YOUR GOAL:
Of all the lines below, output only those starting at the one with "The programme starts" and ending at the one with "Entre que miran", both ends included, exactly as written.

Items from a dataset
━━━
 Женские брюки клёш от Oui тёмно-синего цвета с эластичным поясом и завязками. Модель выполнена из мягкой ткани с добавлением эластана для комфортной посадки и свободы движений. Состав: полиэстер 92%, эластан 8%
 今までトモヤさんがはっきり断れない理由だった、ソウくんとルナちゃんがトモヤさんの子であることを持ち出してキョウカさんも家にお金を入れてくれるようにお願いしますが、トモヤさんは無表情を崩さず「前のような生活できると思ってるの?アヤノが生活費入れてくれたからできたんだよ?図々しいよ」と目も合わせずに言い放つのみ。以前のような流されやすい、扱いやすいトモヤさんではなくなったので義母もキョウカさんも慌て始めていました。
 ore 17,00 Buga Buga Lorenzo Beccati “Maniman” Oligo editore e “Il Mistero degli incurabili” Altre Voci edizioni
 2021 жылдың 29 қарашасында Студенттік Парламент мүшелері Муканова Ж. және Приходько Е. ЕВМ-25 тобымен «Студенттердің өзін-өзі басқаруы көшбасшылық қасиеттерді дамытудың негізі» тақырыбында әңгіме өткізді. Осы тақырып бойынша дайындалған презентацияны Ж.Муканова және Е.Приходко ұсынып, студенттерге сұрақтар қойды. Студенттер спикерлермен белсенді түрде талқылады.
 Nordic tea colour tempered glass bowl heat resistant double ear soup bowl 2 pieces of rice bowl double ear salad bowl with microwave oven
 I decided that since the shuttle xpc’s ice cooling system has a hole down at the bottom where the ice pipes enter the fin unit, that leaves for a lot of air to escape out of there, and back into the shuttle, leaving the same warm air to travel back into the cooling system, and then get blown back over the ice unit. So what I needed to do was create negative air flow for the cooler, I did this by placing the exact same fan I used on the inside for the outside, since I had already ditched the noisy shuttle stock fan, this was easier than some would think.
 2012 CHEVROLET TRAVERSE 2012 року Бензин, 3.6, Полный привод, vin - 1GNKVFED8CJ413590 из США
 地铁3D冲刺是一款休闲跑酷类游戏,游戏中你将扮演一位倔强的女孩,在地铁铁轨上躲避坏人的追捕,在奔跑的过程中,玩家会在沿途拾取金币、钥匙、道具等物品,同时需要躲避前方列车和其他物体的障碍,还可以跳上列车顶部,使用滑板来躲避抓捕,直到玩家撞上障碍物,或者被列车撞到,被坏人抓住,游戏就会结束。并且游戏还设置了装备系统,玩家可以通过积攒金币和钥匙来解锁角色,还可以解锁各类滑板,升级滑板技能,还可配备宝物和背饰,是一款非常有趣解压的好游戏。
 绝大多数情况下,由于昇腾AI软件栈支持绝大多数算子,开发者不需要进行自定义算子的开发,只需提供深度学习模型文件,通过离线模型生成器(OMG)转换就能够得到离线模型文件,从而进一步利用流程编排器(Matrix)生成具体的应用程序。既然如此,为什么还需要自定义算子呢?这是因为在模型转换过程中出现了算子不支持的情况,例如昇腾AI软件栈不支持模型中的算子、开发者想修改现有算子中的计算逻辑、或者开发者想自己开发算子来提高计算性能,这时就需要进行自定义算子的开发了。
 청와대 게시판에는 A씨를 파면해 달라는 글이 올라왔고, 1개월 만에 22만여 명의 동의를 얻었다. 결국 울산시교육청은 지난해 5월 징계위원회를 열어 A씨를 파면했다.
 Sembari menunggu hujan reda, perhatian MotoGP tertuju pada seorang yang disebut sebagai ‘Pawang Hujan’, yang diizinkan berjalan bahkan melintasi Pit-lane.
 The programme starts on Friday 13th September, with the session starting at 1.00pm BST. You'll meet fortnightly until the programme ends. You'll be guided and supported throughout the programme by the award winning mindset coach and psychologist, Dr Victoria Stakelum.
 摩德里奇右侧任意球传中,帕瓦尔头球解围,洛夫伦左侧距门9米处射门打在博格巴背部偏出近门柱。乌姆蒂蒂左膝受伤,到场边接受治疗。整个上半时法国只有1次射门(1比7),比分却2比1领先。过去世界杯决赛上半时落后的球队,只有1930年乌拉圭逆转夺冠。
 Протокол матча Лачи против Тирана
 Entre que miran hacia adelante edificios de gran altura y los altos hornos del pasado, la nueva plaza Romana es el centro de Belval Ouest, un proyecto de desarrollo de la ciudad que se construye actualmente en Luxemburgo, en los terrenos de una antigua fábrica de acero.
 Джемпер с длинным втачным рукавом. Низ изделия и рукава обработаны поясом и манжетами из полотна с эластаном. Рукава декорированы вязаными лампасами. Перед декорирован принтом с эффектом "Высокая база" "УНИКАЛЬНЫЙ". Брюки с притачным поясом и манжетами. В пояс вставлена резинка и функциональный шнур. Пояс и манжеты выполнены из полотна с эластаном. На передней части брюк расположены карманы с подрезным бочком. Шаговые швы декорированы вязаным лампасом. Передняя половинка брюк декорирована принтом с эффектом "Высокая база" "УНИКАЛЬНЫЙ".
━━━
EXERCISE OUTPUT:
 The programme starts on Friday 13th September, with the session starting at 1.00pm BST. You'll meet fortnightly until the programme ends. You'll be guided and supported throughout the programme by the award winning mindset coach and psychologist, Dr Victoria Stakelum.
 摩德里奇右侧任意球传中,帕瓦尔头球解围,洛夫伦左侧距门9米处射门打在博格巴背部偏出近门柱。乌姆蒂蒂左膝受伤,到场边接受治疗。整个上半时法国只有1次射门(1比7),比分却2比1领先。过去世界杯决赛上半时落后的球队,只有1930年乌拉圭逆转夺冠。
 Протокол матча Лачи против Тирана
 Entre que miran hacia adelante edificios de gran altura y los altos hornos del pasado, la nueva plaza Romana es el centro de Belval Ouest, un proyecto de desarrollo de la ciudad que se construye actualmente en Luxemburgo, en los terrenos de una antigua fábrica de acero.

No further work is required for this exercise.